Web sites sometimes implement a feature known as "rate limiting" to prevent them being overleaded with requests.
When a server receives more requests than it can handle, or too may requests from the same IP address, it will manage the load by limiting the number of requests that it will respond to and, instead of returning the requested page content, it will return a 429 Too Many Requests HTTP Status Code.
The SiteSentry web crawler can be impacted by this, since checking for broken links requires SiteSentry to crawl many pages on a website on a regular basis.

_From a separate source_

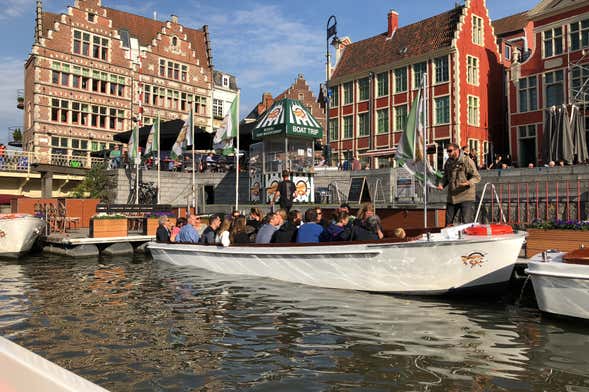 Durante los 40 minutos de travesía, exploraréis de una manera distinta el centro histórico de Gante, admirando desde el barco los rincones más especiales de la ciudad, como el castillo de los Condes de Gante, las antiguas casas sobre los muelles Graslei y Korenlei, la Catedral de San Bavón y la iglesia de San Nicolás.
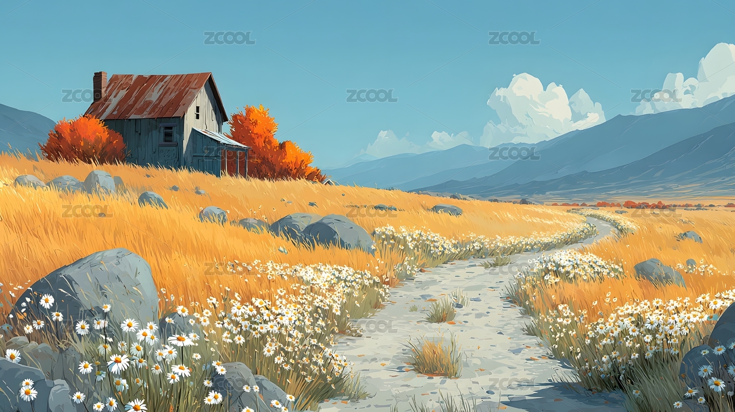 田野,树木,云朵,房屋,草地,金黄,远山,蓝天,飞鸟,乡村

We'll report this as an error when it happens - you can see it on your site dashboard and we'll also send you a notification.
SiteSentry's latest update lets you tweak the way that the broken links check works, to reduce the load our web crawler places on your website and so reduce the risk of it being blocked, in two ways:
- You can limit how many pages are crawled; and/or
- You can slow the rate at which our crawler crawls the website.
By default, our crawler will make two simultaneous requests to your website every 0.25 seconds, but you can now speed this up, or slow it down, through the settings for the Broken Links check.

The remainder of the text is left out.